▶ **What to work on**:
Output, exactly as written, the lines below from the one that has "the Kahiltna Glacier." through the one that has "COM(yds): 1,20 COL(sq"; nothing else, and no pictures.

▶ **Records for this task**:
□ □ □ □ □ □ □

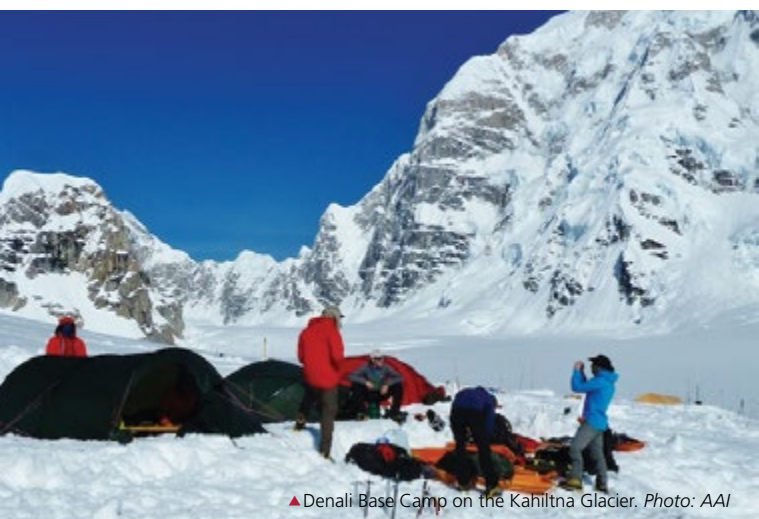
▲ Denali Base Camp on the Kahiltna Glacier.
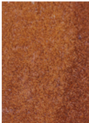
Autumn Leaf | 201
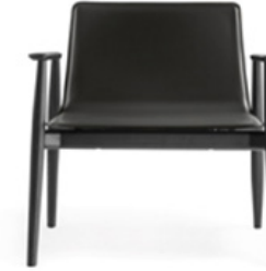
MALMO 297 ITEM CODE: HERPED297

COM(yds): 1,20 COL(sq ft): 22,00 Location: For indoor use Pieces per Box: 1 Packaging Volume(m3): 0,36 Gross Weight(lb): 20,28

□ □ □ □ □ □ □

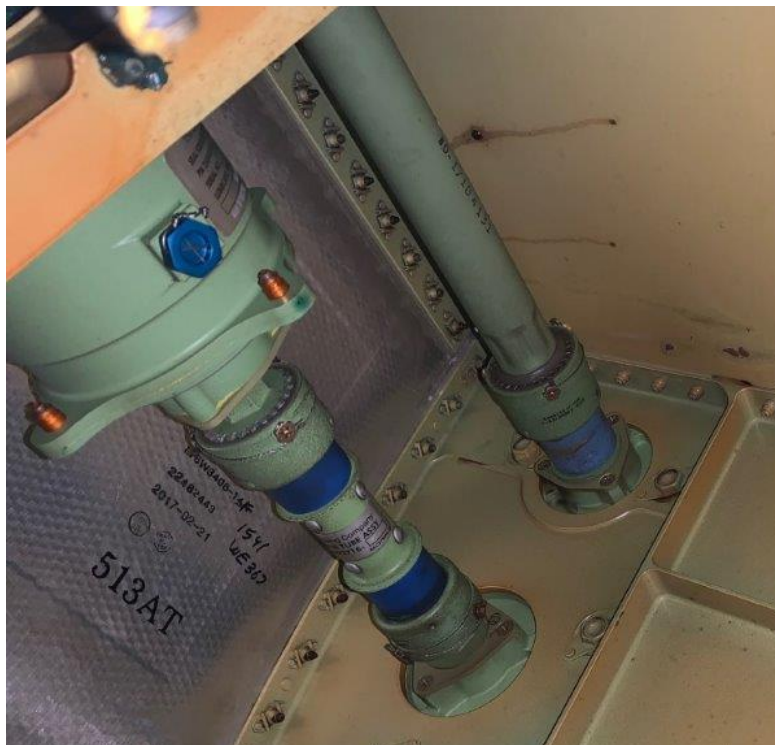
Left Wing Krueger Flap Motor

□ □ □ □ □ □ □

▶ **Result for this task**:
▲ Denali Base Camp on the Kahiltna Glacier.
Autumn Leaf | 201
MALMO 297 ITEM CODE: HERPED297

COM(yds): 1,20 COL(sq ft): 22,00 Location: For indoor use Pieces per Box: 1 Packaging Volume(m3): 0,36 Gross Weight(lb): 20,28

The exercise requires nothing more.